Today marks one month until my sister flies out to Dubai. Being me…I tend to think about the 21 years I have been her big sister…
Being the eldest means I went from “on top of the world” to being 1 in 4 children. I ended up not having an ally in the sibling ranks – it is amazing how incredibly close those younger siblings become. Being the eldest means I started working first and became the “adult” and the “old” sibling. The “younger ones” still managed to keep up with all that technology and seem to be able to have an entire conversation with movie and TV show lines…while I’m left to do what I do.
But then, almost out of the blue, I find myself more than just 1 in 4 and more than just the “old” sibling. I have come to that place where the squabbles have stopped and the babysitting no longer exists – I now have 3 best friends. People that know me and I know them – it’s a transparent and real friendship. It is stronger than it appears and it runs deep than our surface insider jokes.

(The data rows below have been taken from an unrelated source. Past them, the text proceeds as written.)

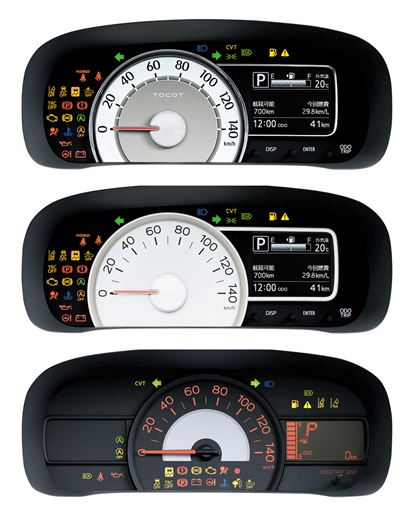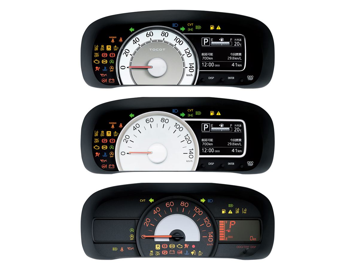 ダイハツ「ミラトコット」のメーター。最上部のメーターは「G“SAIII”」、中央は「X“SAIII”」、最下部は「L」「L“SAIII”」のメーター
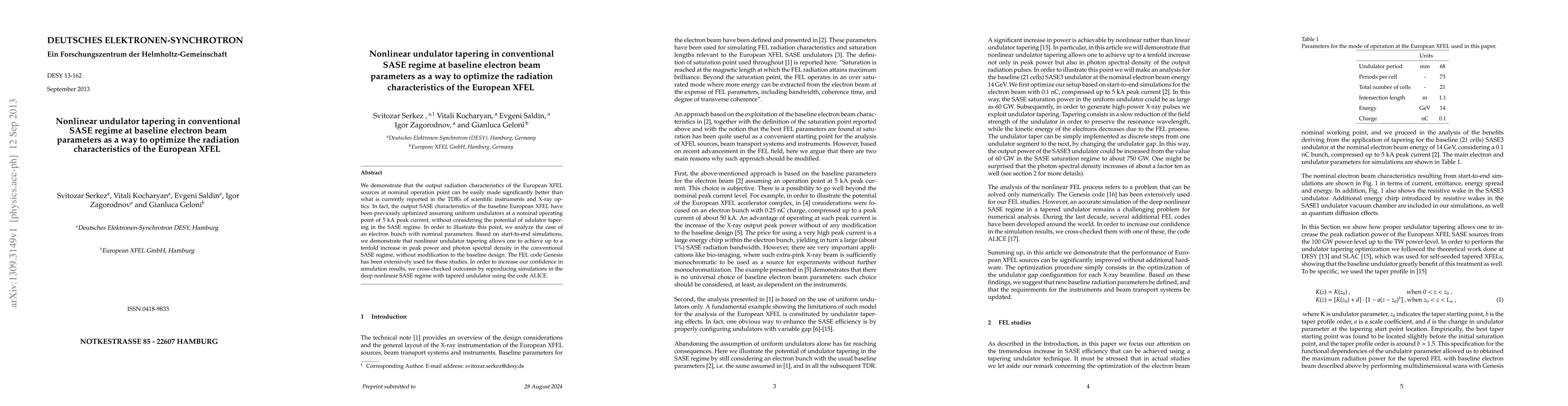 This paper explores the optimization of the European XFEL's radiation characteristics through nonlinear undulator tapering in the SASE regime, demonstrating a tenfold increase in peak power and photon spectral density without altering the baseline design. Simulations using Genesis and ALICE confirm the potential benefits of undulator tapering.
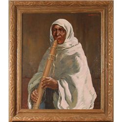 Odon Hullenkremer (1888-1978). Flute Player. 29" x 24" oil on board. Signed upper right: Odon Hullenkremer. (est. $4,000-6,000). CONDITION...
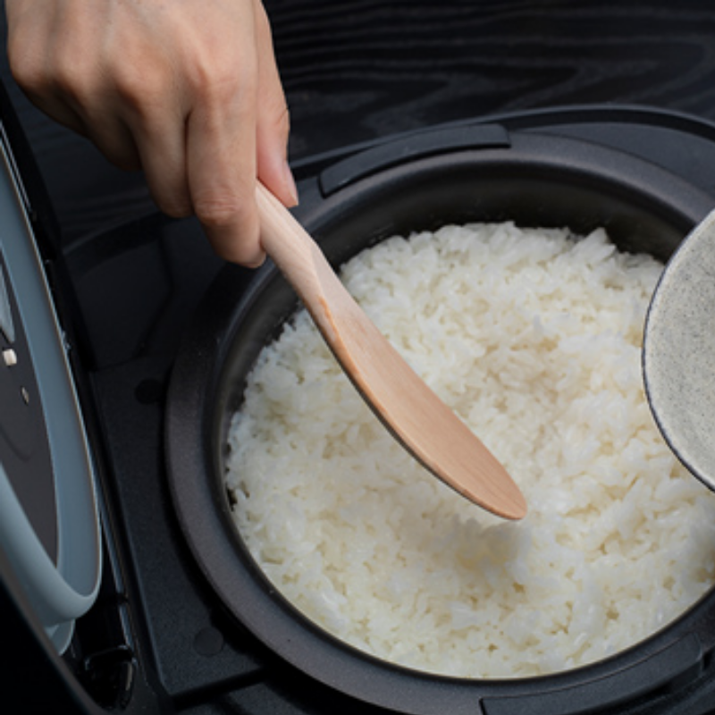 Có cốc đong gạo, muỗng xới cơm tự đứng (chịu nhiệt lên đến 120ºC), muỗng múc cháo/soup (chịu nhiệt lên đến 120ºC) kèm theo sản phẩm
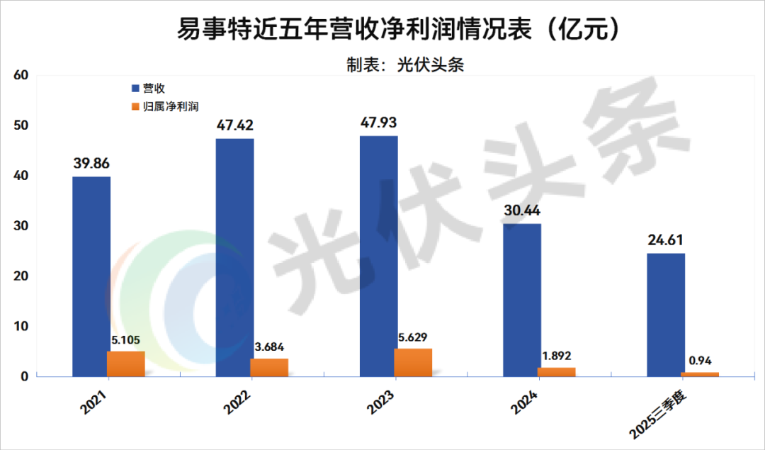 从财务表现来看,易事特在2023年营收、净利润达到近五年顶峰,此后有所下滑,但保有持续盈利能力。
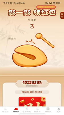 3、轻敲木鱼,不仅可领取独特红包封面和红包,更能在每日的敲击中,感受好运福气的源源不断。
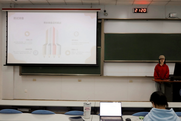 宋妍霏学姐、王柯丁学长和盛世学长,在就业经验分享中,着重介绍了求职过程中的关键环节。他们指出,撰写简历时,要突出自身优势与岗位匹配度,用具体事例和数据增强说服力;面试前要充分了解企业和岗位,提前准备常见问题的回答,面试过程中保持自信、积极的态度,展现良好的沟通能力和团队协作精神。
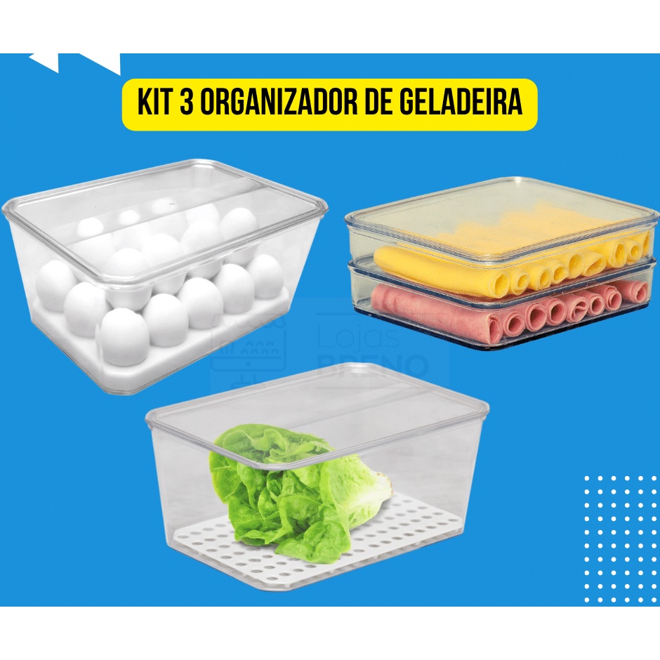 Kit 3 Organizador de Geladeira Porta Ovos Porta Frios Porta Frutas Porta Verduras

We bond in our own ways together. While we do have disagreements – we are the only ones who are allowed to – just you try hurt one of us and see what happens! This is how it should be…we are friends. We are brothers and sisters. We are family.
The first one of this special group is about to leave. I started to think of all the times that I watched her play and skip around outside care-free. I think of all the times I got irritated with her and visa versa. I think of those nights when our parents would have to command us to sleep because we were giggling and talking. I think about all those chats – where we spoke utter nonsense and those we shared our deepest thoughts. There are the times we encouraged each other and then the times we set each other straight.
Most of all…I think about the person, my sister. She has grown up in front of me. My only goal was to be that “big sister” – no matter how annoying or bossy I had to be – I was going to protect her. Now she has come to a place where she is ready to open those wings and fly. How I desperately want to go with her and be that “big sister”! No-can-do – this is all her.
Now it’s time to see her going boldly in the direction of her dreams. She is able to hold her head up high, confident that she is capable to do everything that she needs to. She goes with a “lifetime” worth of memories and knowing she is loved.
I can’t wait to hear about the new memories and experiences. I will always be that big sister – just I will be cheering for her, supporting and loving her from a different continent!